Over the weekend, The Wall Street Journal devoted nearly 3,000 words to the saga of Nicholas Negroponte's plan: "Design a $100 laptop and, within four years, get it into the hands of up to 150 million of the world's poorest schoolchildren." What went wrong? "Mr. Negroponte's ambitious plan has been derailed, in part, by the power of his idea." Huh?
For-profit companies threatened by the projected $100 price tag set off at a sprint to develop their own dirt-cheap machines, plunging Mr. Negroponte into unexpected competition against Intel and Microsoft.Bonus anecdote:
Intel, which normally doesn't sell computers, introduced a small laptop for developing countries called the Classmate, which currently goes for between $230 and $300. It hopes to prevent AMD, whose chips are in Mr. Negroponte's competing computer, from becoming a standard in the developing world.

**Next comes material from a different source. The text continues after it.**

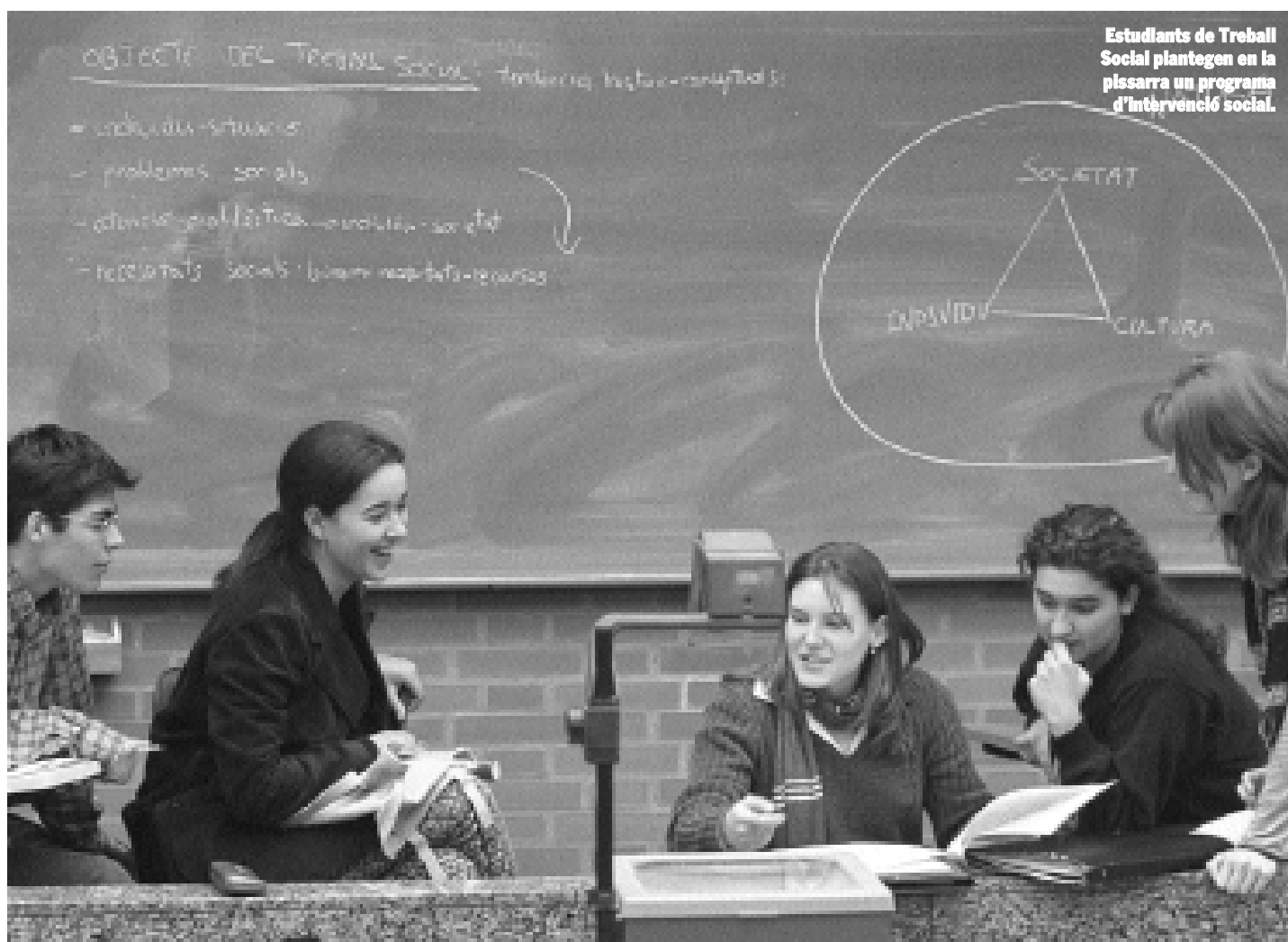
Departament de Treball Social i Serveis Socials

El seu punt de mira és el carrer. Allí és on investiguen els professionals del Departament de Treball Social de la Universitat. Estudien i avaluen programes d'intervenció amb famílies que pateixen mals tractes i crisis contínues, amb drogodependents, malalts mentals i persones que es troben en situacions de desigualtat i marginació. Són investigadors que s'enfronten, dia a dia, amb la realitat social més crua que tenim al nostre costat.

Some potential buyers are having second thoughts. Officials in Libya, who had planned to buy up to 1.2 million of the laptops, became concerned that the machines lacked Windows, and that service, teacher training and future upgrades might [therefore] become a problem.

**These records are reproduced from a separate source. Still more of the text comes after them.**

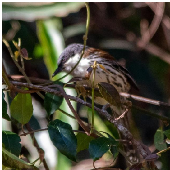
Grey-crowned Crocias

Vanochtend staat een bezoek aan de Tung Na-vallei op het programma. Het blijkt niet alleen een mooi gebied voor vogels maar ook populair onder de Vietnamese dagjesmensen, hetgeen vooral wat later op de ochtend voor extra achtergrondgeluid zorgt (in de vorm van niet al te stem-vaste Karaoke-zangers) maar ook voor extra vermaak. Al direct bij de ingang zien we enkele fraaie sunbirds: annamensis -Mrs. Goulds-, johnsi -Black-throated- en Crimson Sunbird. In de bomen en bloemenperken naast het pad zien we o.a. een mannetje en vrouwtje Large Niltava, Fire-breasted Flowerpecker, White-throated Rock Thrush, Streaked Spiderhunter en – een echte endem – de Dalat Shrike Babbler. Maar de grote troef van deze plek is toch wel de Grey-crowned Crocias, een unieke soort die alleen op het Dalat-plateau te vinden is. Hoog in een boom ontdekt Nguyen een exemplaar dat we allen met wat geduld te zien krijgen.
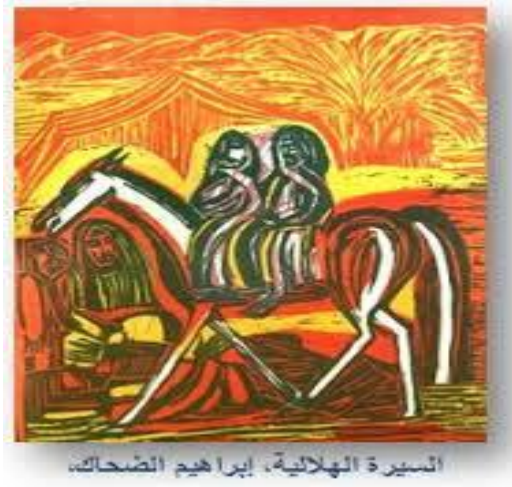
حفر علي خشب، تونس

يعزى إليه الفضل في تركيز صفحات كبرى داخل ملف الحفر الفني بتونس، إذ هو أول فنان تونسي واطب على ممارسة هذا النوع الفني في تجربته الإبداعية. وتبدو الروح الفلكلورية عند الضحاك في رسومه متضمنة مختلف مظاهر الحياة التقليدية و المحلية، وهو إزاء ذلك يقوم بإيجاد توازن بين تجليات تقنية تشكيلية متاصلها وبين حس مرهف بالقيم التراثية التي يزرخ بها محيطها والخاصة أنه شكل من خلال ممارسته التشكيلية المتواصلة أحد ثوابت الفن التشكيلي التونسي المعاصر خاصة في باب "الحفر" و من خلال كتبه الفنية ذات المساحات الكبيرة الشكل (٢٢) (١) توصيف العمل الفني :
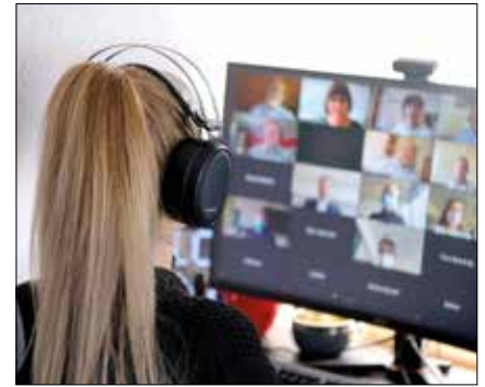
Zum ersten Mal findet JobChecker online in digitalen 1 zu 1 Gesprächen statt.

It now sells for $188, plus shipping. The higher price has made the laptop vulnerable to competition. Taiwanese, Indian and Israeli sellers of inexpensive Windows laptop see the developing world's more than one billion potential young customers as a big opportunity.
At a private meeting with a group from Rwanda, Negroponte announced that 20,000 laptops, courtesy of the "Give One. Get One." program, would soon be distributed. Carine Umutesi, who works for Rwanda's Information Technology Authority, questioned who would fix them if they break.
Mr. Negroponte said some initial tech support would be provided by Brightstar Corp., a Miami-based wireless equipment distributor. Just who would provide support a few years from now, he said, was "a frightening question." The students, he said, will need "to do as much maintenance as possible."